### Provided records

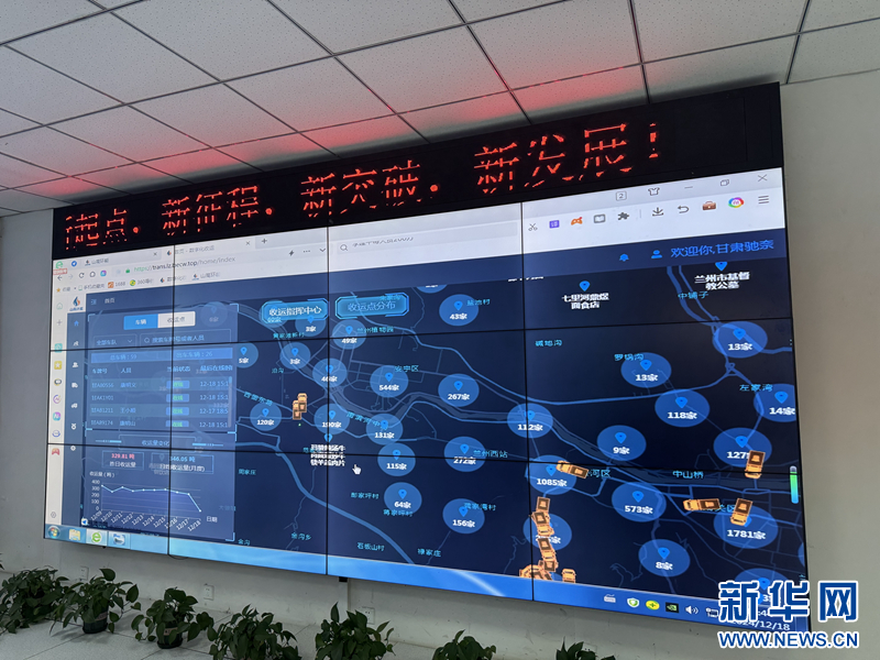 在甘肃驰奈生物能源系统有限公司中控室,电子屏幕闪烁不停,实时显示兰州市各区域餐厨废弃物收集运转情况。
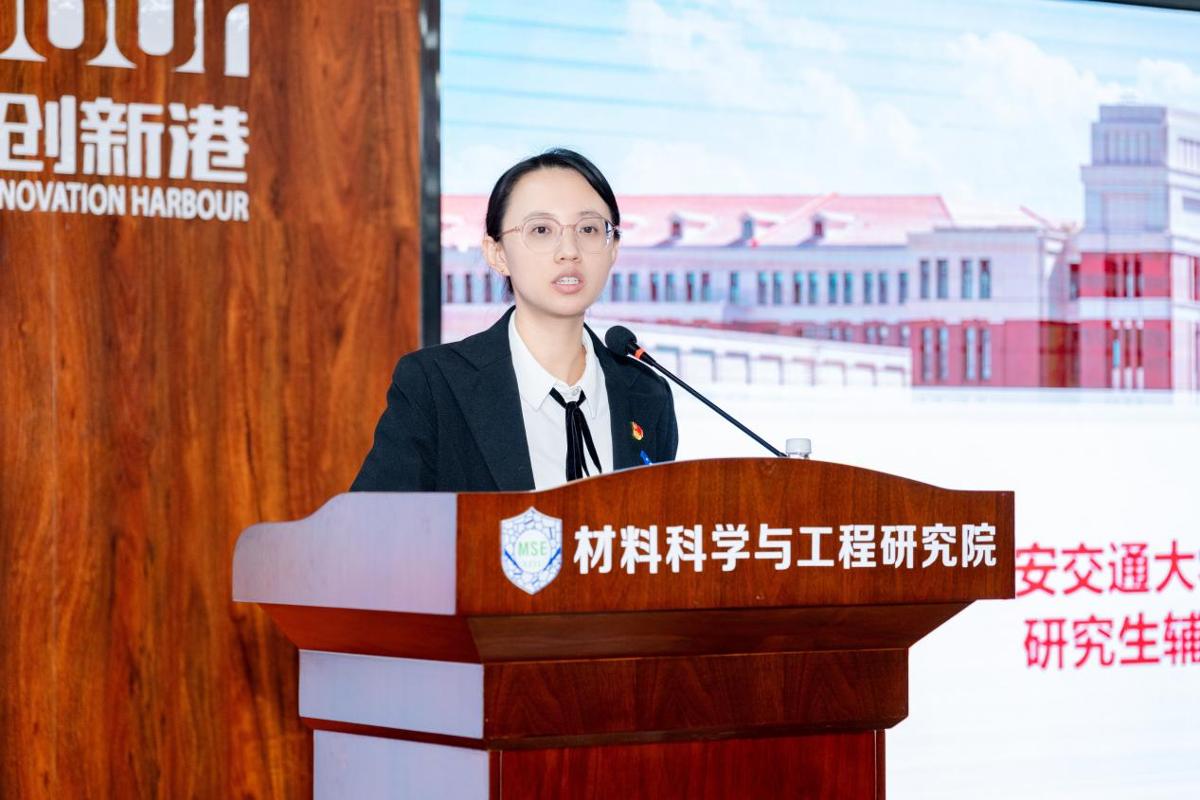 孟建芳勉励全体研究生传承西迁精神,勇担时代使命,面向同学们提出三点期望:一是要坚定理想信念,做西迁精神的新传人,将个人理想融入国家发展大局;二是要勇担时代使命,立足材料学科特色,致力于解决“卡脖子”技术难题,为实现科技自立自强贡献力量;三是要发挥桥梁作用,研究生代表要密切联系同学,积极建言献策,服务同学成长成才。
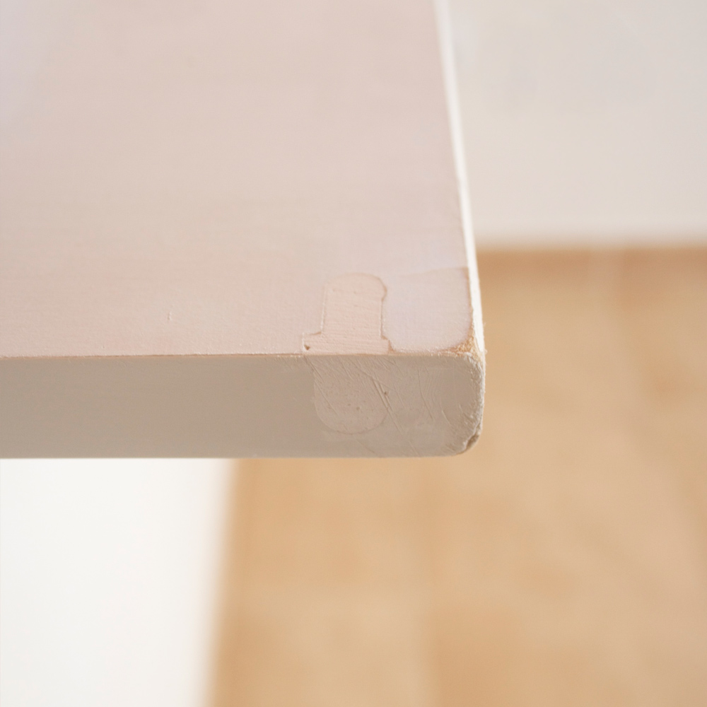 Encolé y arreglé la tabla de ikea y rellené los agujeros de «balda» con aguaplast. No es muy pro, pero era lo que tenía ¡y me ha dado el avío! Una vez seco lije y dejé los cantos más irregulares y redonditos para que no desentonara tanto con las patas-cosa.
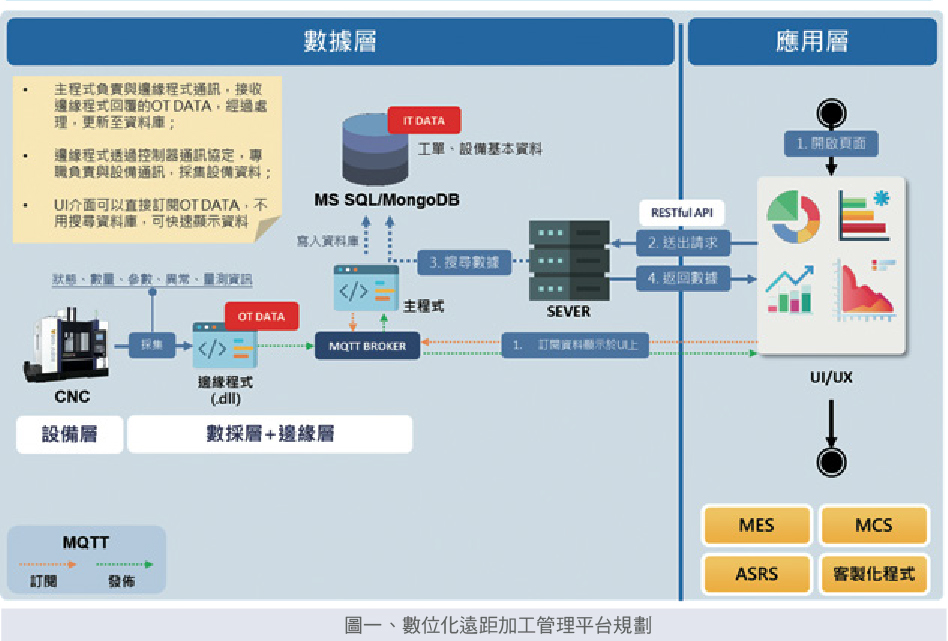 建立工具機通訊界面平台與客製化人機介面,數位化遠距加工管理平台系統可給予機台加工時間分析、閒置率、即時生產資料等製程資訊與功能,使機台可與各廠牌之控制器進行通訊,建立機台MES(製造執行系統)系統之基礎,技術規劃上,主程式負責與邊緣程式通訊,接收邊緣程式回覆的OTDATA(工業營運資料),經過處理,更新至資料庫,邊緣程式透過控制器通訊協定,專職負責與設備通訊,採集設備資料,且UI(人機操作介面)可以直接訂閱OTDATA,不用搜尋資料庫,可快速顯示資料(參考文獻[1]、[2]、[3])。
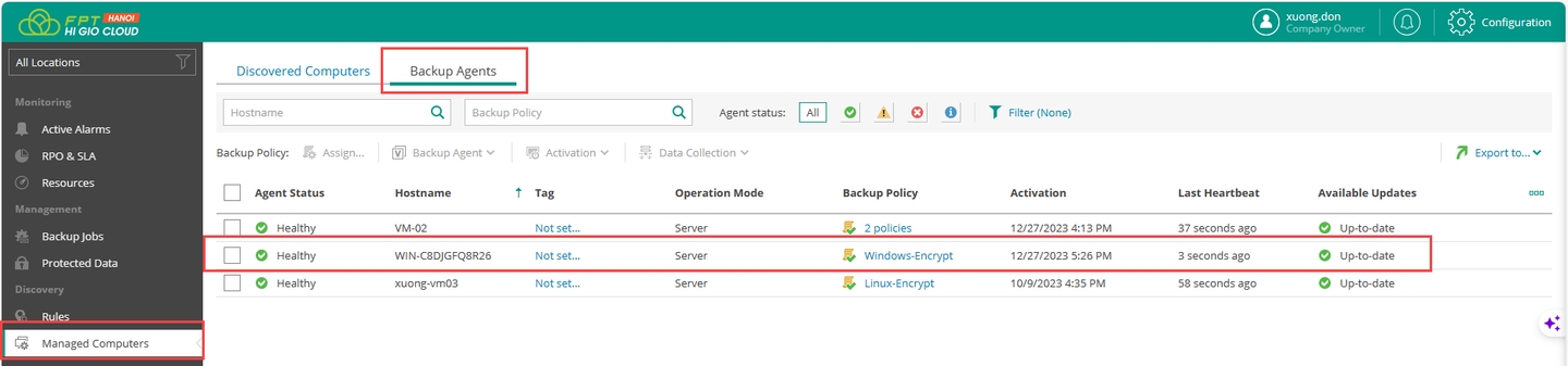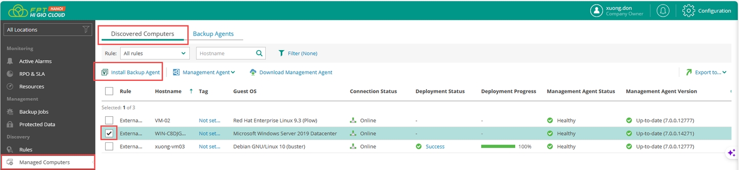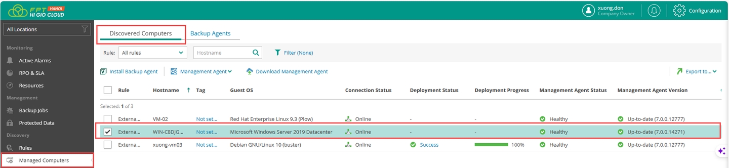 Quay lại Veeam Server Provider Console để máy tính Linux sẽ hiển thị trong "Discovery Computer" với trạng thái "active."
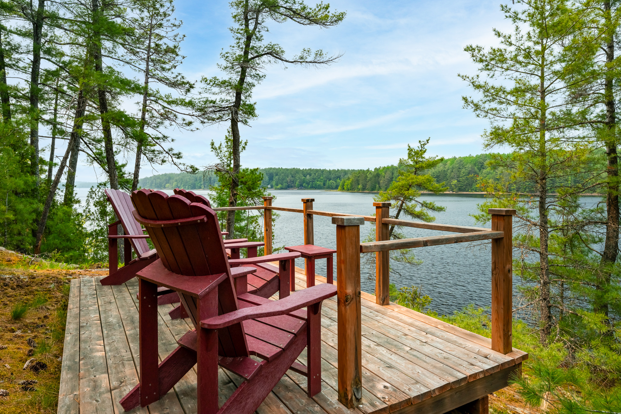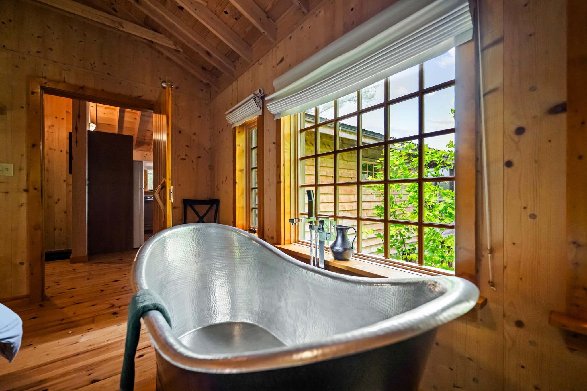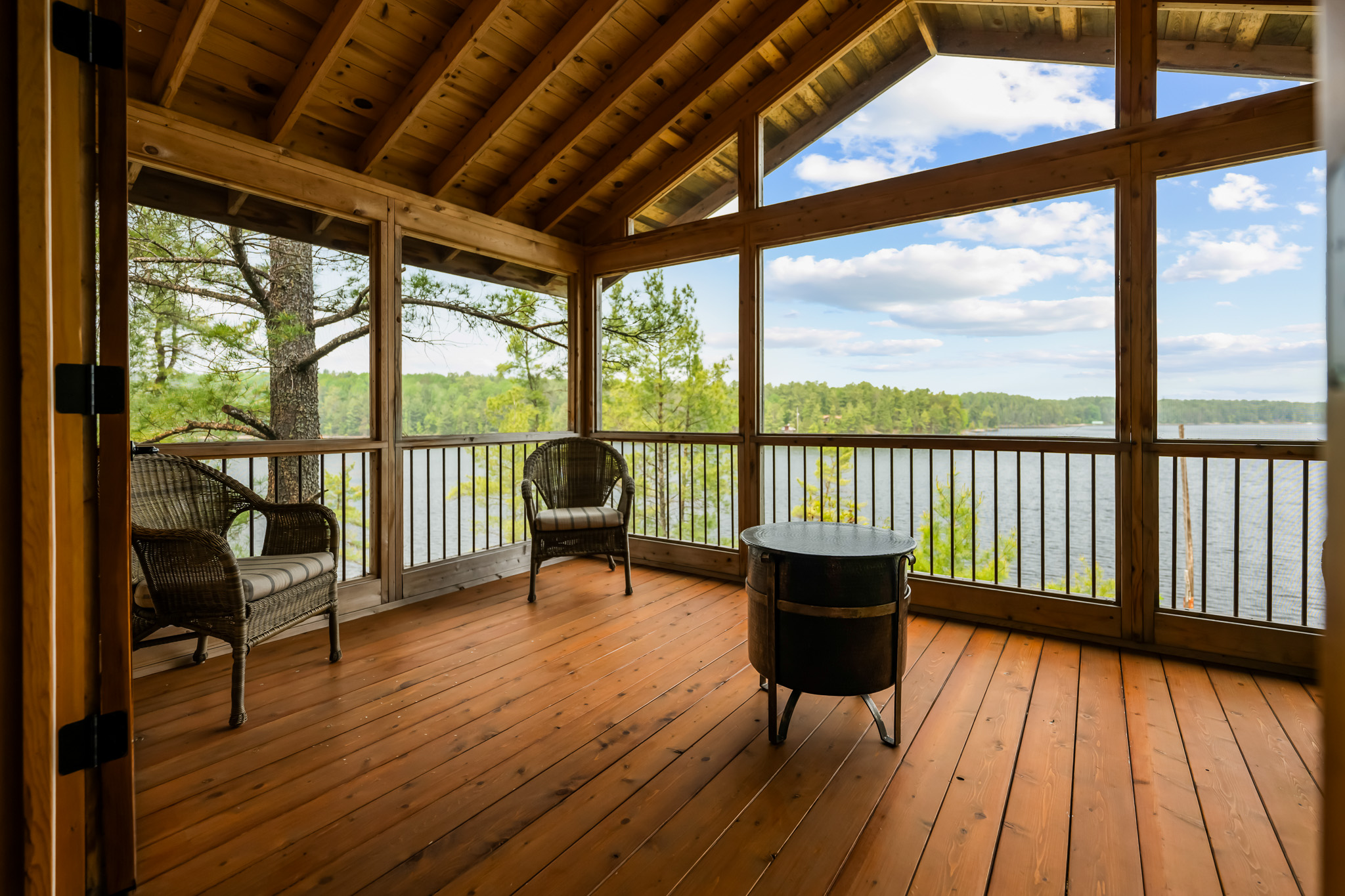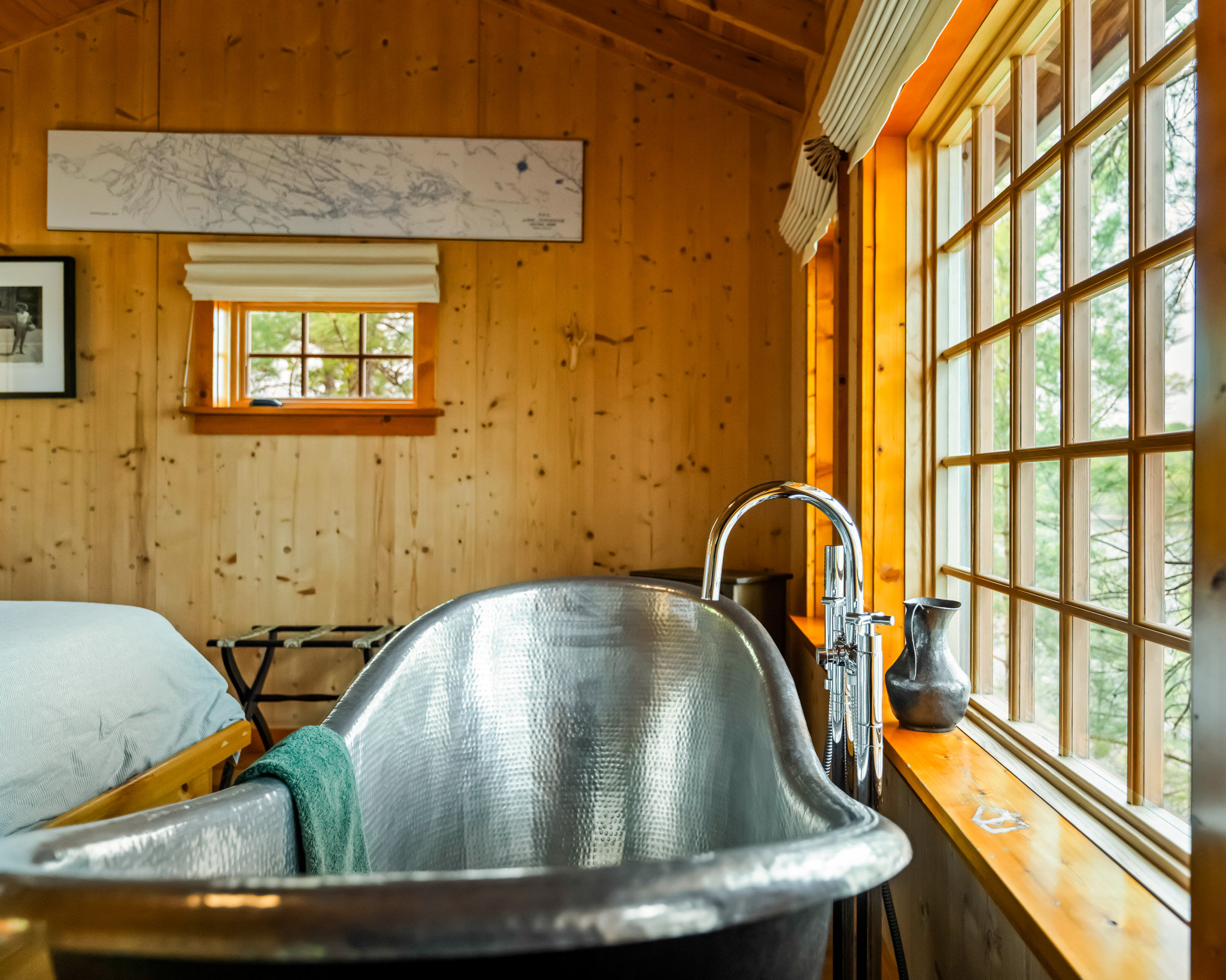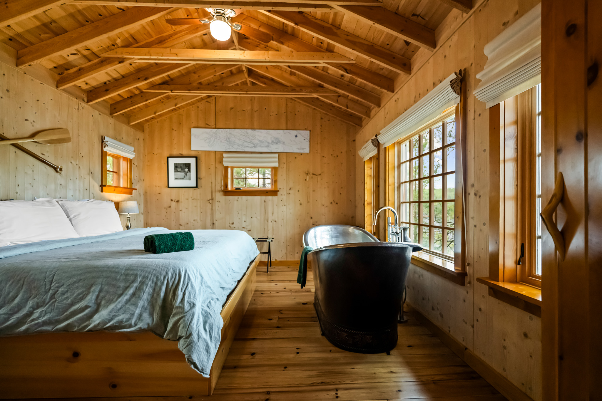 Harting is large inside with well designed space and cathedral ceilings. A kitchen and eating area are next to a generous living room which opens, through French doors, onto a beautiful cedar screened porch with a hammock. Two bedrooms open off the living space, each with king beds – twins if you prefer. There are lovely views of the water. Harting faces the sunrise and is close to our trail system.
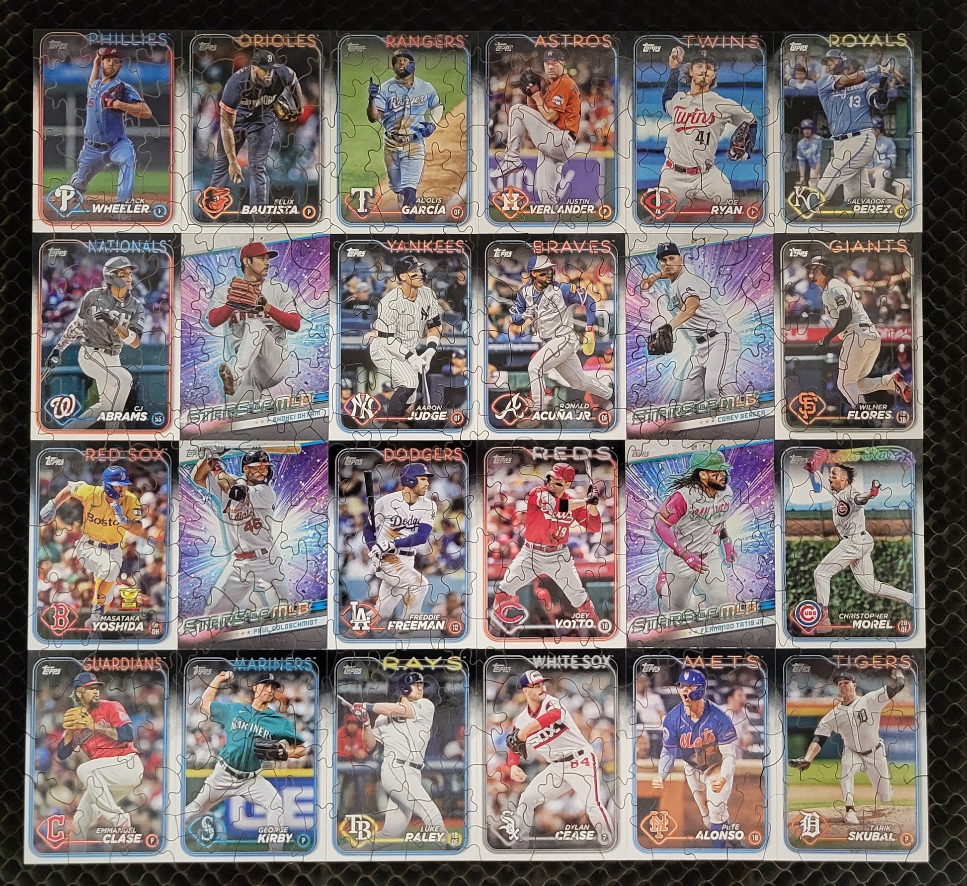 Celebrate the biggest names lighting up Major League Baseball today with the MLB Superstars Now puzzle. Featuring current stars at the top of their game, this handcrafted wooden puzzle brings the excitement of the diamond straight to your table. Perfect for fans who want to piece together the talent dominating right now.
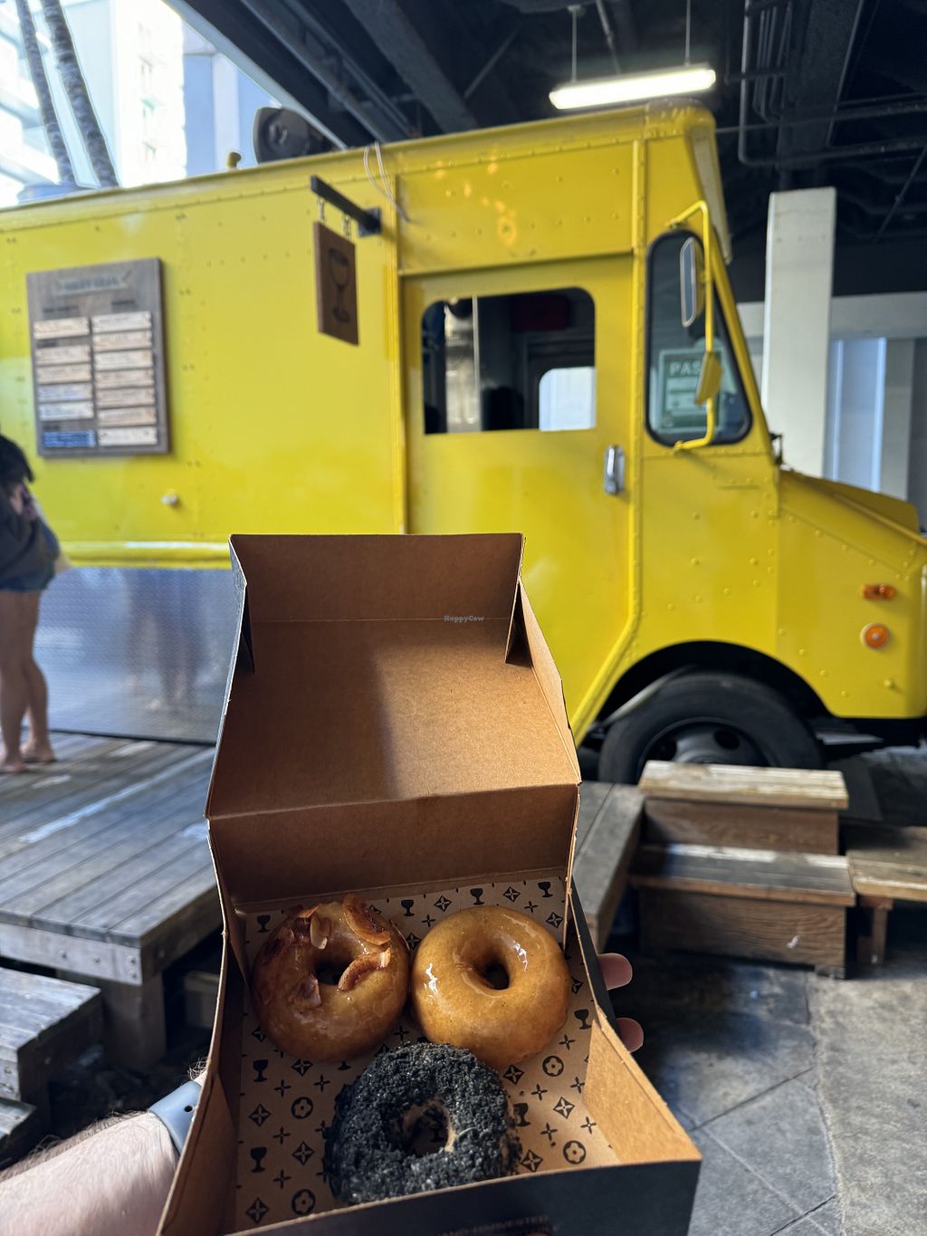 The alley this food truck is in smells weird. But I can't blame them for that. The donuts are made to order and delicious. Warm, fluffy and flavorful. Unfortunately, they make their own nutmilk, and it sucks. Their iced coffee is premixed with this "mylk" and it's grainy and watery. It lacks the fatty mouth feel or sweetness of most conventionally produced milk alternatives. Go for the delicious donuts and skip the gross coffee.

### Your assignment
Return the entries verbatim without images.

### Expected answer
 在甘肃驰奈生物能源系统有限公司中控室,电子屏幕闪烁不停,实时显示兰州市各区域餐厨废弃物收集运转情况。
 孟建芳勉励全体研究生传承西迁精神,勇担时代使命,面向同学们提出三点期望:一是要坚定理想信念,做西迁精神的新传人,将个人理想融入国家发展大局;二是要勇担时代使命,立足材料学科特色,致力于解决“卡脖子”技术难题,为实现科技自立自强贡献力量;三是要发挥桥梁作用,研究生代表要密切联系同学,积极建言献策,服务同学成长成才。
 Encolé y arreglé la tabla de ikea y rellené los agujeros de «balda» con aguaplast. No es muy pro, pero era lo que tenía ¡y me ha dado el avío! Una vez seco lije y dejé los cantos más irregulares y redonditos para que no desentonara tanto con las patas-cosa.
 建立工具機通訊界面平台與客製化人機介面,數位化遠距加工管理平台系統可給予機台加工時間分析、閒置率、即時生產資料等製程資訊與功能,使機台可與各廠牌之控制器進行通訊,建立機台MES(製造執行系統)系統之基礎,技術規劃上,主程式負責與邊緣程式通訊,接收邊緣程式回覆的OTDATA(工業營運資料),經過處理,更新至資料庫,邊緣程式透過控制器通訊協定,專職負責與設備通訊,採集設備資料,且UI(人機操作介面)可以直接訂閱OTDATA,不用搜尋資料庫,可快速顯示資料(參考文獻[1]、[2]、[3])。
 Quay lại Veeam Server Provider Console để máy tính Linux sẽ hiển thị trong "Discovery Computer" với trạng thái "active."
 Harting is large inside with well designed space and cathedral ceilings. A kitchen and eating area are next to a generous living room which opens, through French doors, onto a beautiful cedar screened porch with a hammock. Two bedrooms open off the living space, each with king beds – twins if you prefer. There are lovely views of the water. Harting faces the sunrise and is close to our trail system.
 Celebrate the biggest names lighting up Major League Baseball today with the MLB Superstars Now puzzle. Featuring current stars at the top of their game, this handcrafted wooden puzzle brings the excitement of the diamond straight to your table. Perfect for fans who want to piece together the talent dominating right now.
 The alley this food truck is in smells weird. But I can't blame them for that. The donuts are made to order and delicious. Warm, fluffy and flavorful. Unfortunately, they make their own nutmilk, and it sucks. Their iced coffee is premixed with this "mylk" and it's grainy and watery. It lacks the fatty mouth feel or sweetness of most conventionally produced milk alternatives. Go for the delicious donuts and skip the gross coffee.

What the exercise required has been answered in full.